I recently won a game of speed chess with a pair of powerful bishops. My opponent was Asmadhu of the USA who played white. Here are the moves of the game along with my commentary:
1. e4 c5
2. c3 d6
White's second move is unusual.
3. d4 cxd
4. cxd Nc6
White has a powerful pawn centre but no piece development.
5. d5 Ne5
6. f4 Nd7
7. Nf3 e6
8. dxe fxe
9. Nc3 Ngf6
10. Bd3 Be7
11. 0-0 0-0
12. h3 b6
13. e5 dxe
White plays aggressively.
White has an advanced pawn on the e-file but it is isolated.
15. Qc2 g6
16. Nd4 Rxf1+
17. Kxf1 Qf8+
18. Kg1 Qg7
Here I should play Nxe5.
19. Nxe6 Qxe5
20. Nxd5 Qxe6
My queen can capture either of the white knights but I capture on e6 because I want to play Qe1+ on my next move. I expect white to play Nc7 on his next move.
21. Nc7 Qxe1+
22. Kh2 Bd6+
My dark-squared bishop now controls the b8-h2 diagonal.

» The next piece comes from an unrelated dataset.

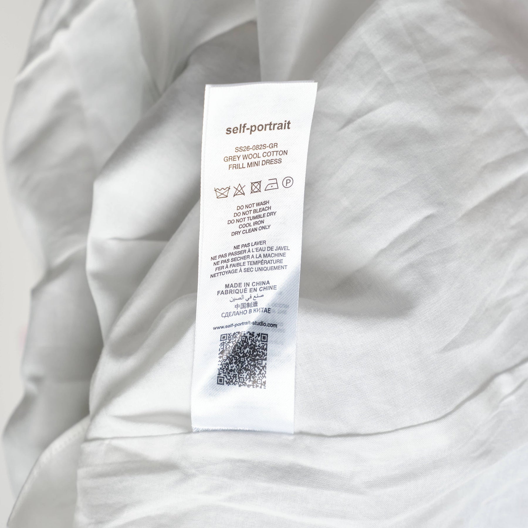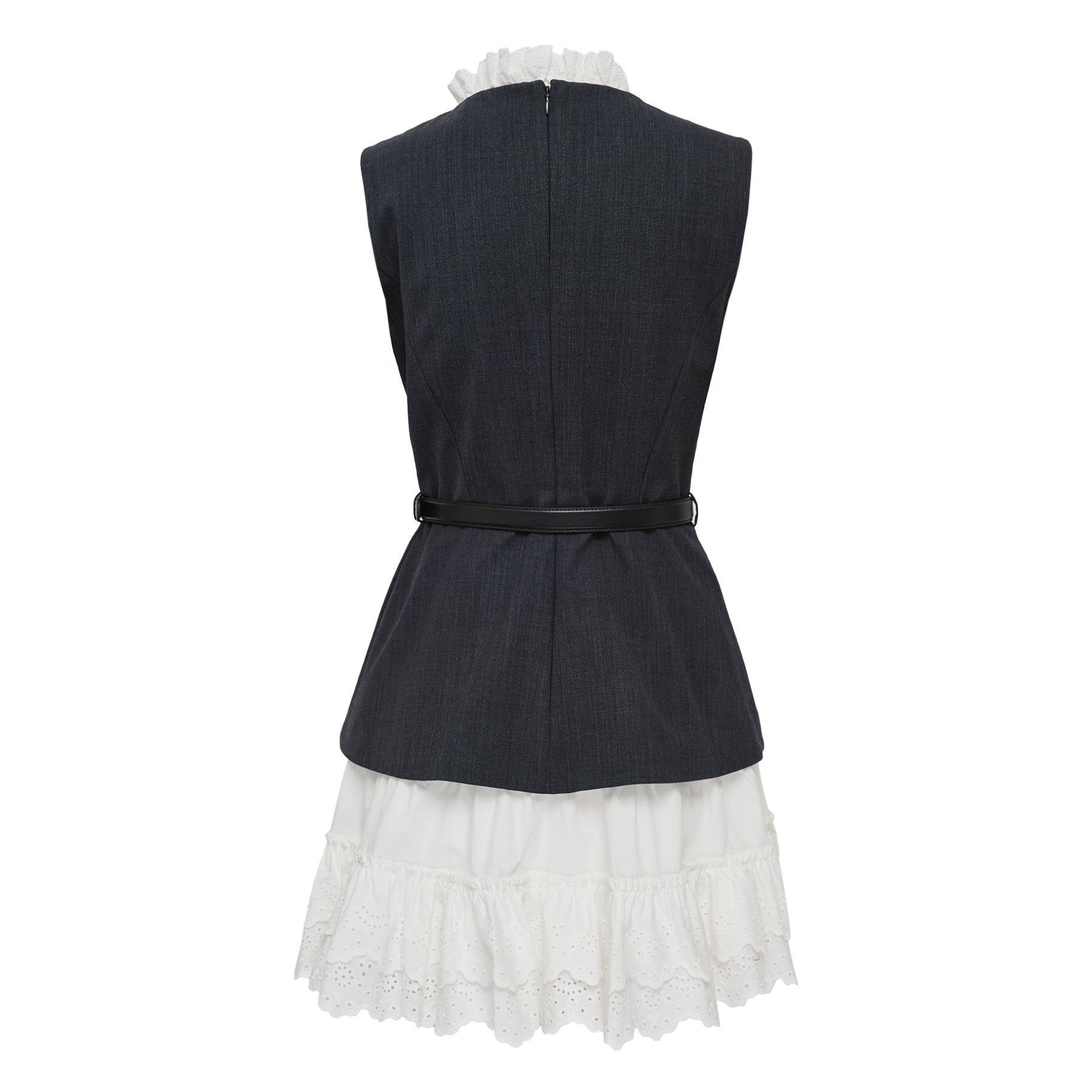Self-Portrait Grey Wool Cotton Frill Mini Dress delivers contemporary femininity with structured tailoring and romantic detailing. Crafted from premium wool-cotton blend in charcoal grey, featuring white lace trim collar and tiered eyelet cotton skirt overlay. The sleeveless silhouette with button-front closure and coordinating belt creates a sophisticated contrast between minimalist and romantic aesthetics.

White blocks the check and then resigns. He sees that I can play Qxg3+. Then white must play Kh1. On my following move I activate my light-squared bishop with b7+. This gives my light-squared bishop control of the b7-h1 diagonal. My powerful bishops dominate the board. In reply black must play Qg2 and I then play Qxg2#.
In this game my bishops turn the game in my favour. White also has two bishops on the board but they are not nearly as dominant as mine. This game illustrates the power of the bishop pair.